The UV–vis light transmittance of CG film and CG-ZSD composite films.

3.3. Thickness, moisture content, mechanical property, and color of film

The thickness, moisture content, and mechanical property of CG-ZSD composite film were provided in Table 1. From Table 1, it could be observed that there was no significant (p > 0.05) difference in moisture content among film samples. The addition of ZSD extract resulted in a gradual increase in the thickness of film. There was no significant (p > 0.05) difference in thickness between CG, CG-ZSD10, and CG-ZSD15 film. However, the addition of 20% ZSD extract led to a significantly (p < 0.05) higher thickness when compared to other films. This might be due to the strong hydrogen bonding between anthocyanin and polymer matrix (Chen et al., 2023). The appropriate amount of ZSD extract (< 20%) was well dispersed into the polymer matrix, leading to a more compact structure of film. Nevertheless, film thickness should not be the sole criterion for evaluating the film, but should be considered in conjunction with other properties for a comprehensive assessment (Xu et al., 2022).

Table 1.

Physical characteristics including thickness, moisture content, color, and mechanical property of films (The CG film, CG-ZSD10 film, CG-ZSD15 film, and CG-ZSD20 film contain 0, 10, 15, and 20% ZSD extraction, respectively).
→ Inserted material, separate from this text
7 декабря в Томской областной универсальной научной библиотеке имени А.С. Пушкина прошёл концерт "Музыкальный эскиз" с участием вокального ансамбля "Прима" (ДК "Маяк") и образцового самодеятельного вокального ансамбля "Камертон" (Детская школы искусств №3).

Film	CG	CG-ZSD10	CG-ZSD15	CG-ZSD20
L	91.1 ± 0.66d	61.5 ± 0.74c	58.8 ± 0.36b	52.1 ± 0.43a
a	−1.29 ± 0.14a	13.4 ± 0.49c	12.7 ± 0.38b	14.6 ± 0.36d
b	5.50 ± 0.23d	−2.40 ± 0.28c	−3.73 ± 0.23b	−4.41 ± 0.50a
ΔE	1.87 ± 0.26a	33.7 ± 0.76b	36.0 ± 0.29c	42.9 ± 0.43d
Color
Moisture content (%)	15.8 ± 0.68a	15.3 ± 0.25a	15.1 ± 0.84a	15.6 ± 0.04a
Thickness (μm)	51.3 ± 0.50a	53.8 ± 5.25a	58.3 ± 8.46a	74.3 ± 5.85b
Elongation at break (%)	1.42 ± 0.37a	3.00 ± 0.77b	3.91 ± 0.69b	6.33 ± 0.62c
Tensile strength (MPa)	28.7 ± 0.51d	25.8 ± 0.41c	21.1 ± 0.47b	20.0 ± 0.58a
Young's modulus (MPa)	2009 ± 59.4c	1373 ± 67.0b	1316 ± 52.6b	1129 ± 66.0a

Note: All data were shown as mean ± standard deviation. Data with different letters indicated significant differences (p < 0.05).
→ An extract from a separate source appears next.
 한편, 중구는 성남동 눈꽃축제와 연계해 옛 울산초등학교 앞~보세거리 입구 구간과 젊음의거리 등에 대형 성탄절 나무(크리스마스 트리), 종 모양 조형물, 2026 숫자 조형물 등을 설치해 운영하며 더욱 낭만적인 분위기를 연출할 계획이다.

The EB value is an indicator of film flexibility, while the TS value represents its mechanical resistance. According to Table 1, the addition of ZSD extract resulted in an increase in EB value from 1.42% to 6.33%. There was a significant (p < 0.05) difference in EB value between CG film and CG-ZSD films. The anthocyanin molecule weakened the intermolecular forces between neighboring macromolecules and enhanced the free-motion volume of the molecular chains, thereby improving the flexibility of film (Xu et al., 2022).

There was significant (p < 0.05) difference in TS value among film samples. When the content of ZSD extract increased from 0% to 20%, TS value decreased from 28.7 MPa to 20.0 MPa, and YM value decreased from 2009 MPa to 1129 MPa. This reduction might be attributed to the formation of hydrogen bonds between anthocyanin and polymer matrix, which leads to molecular migration and perturbation of solid structure (Anugrah et al., 2023).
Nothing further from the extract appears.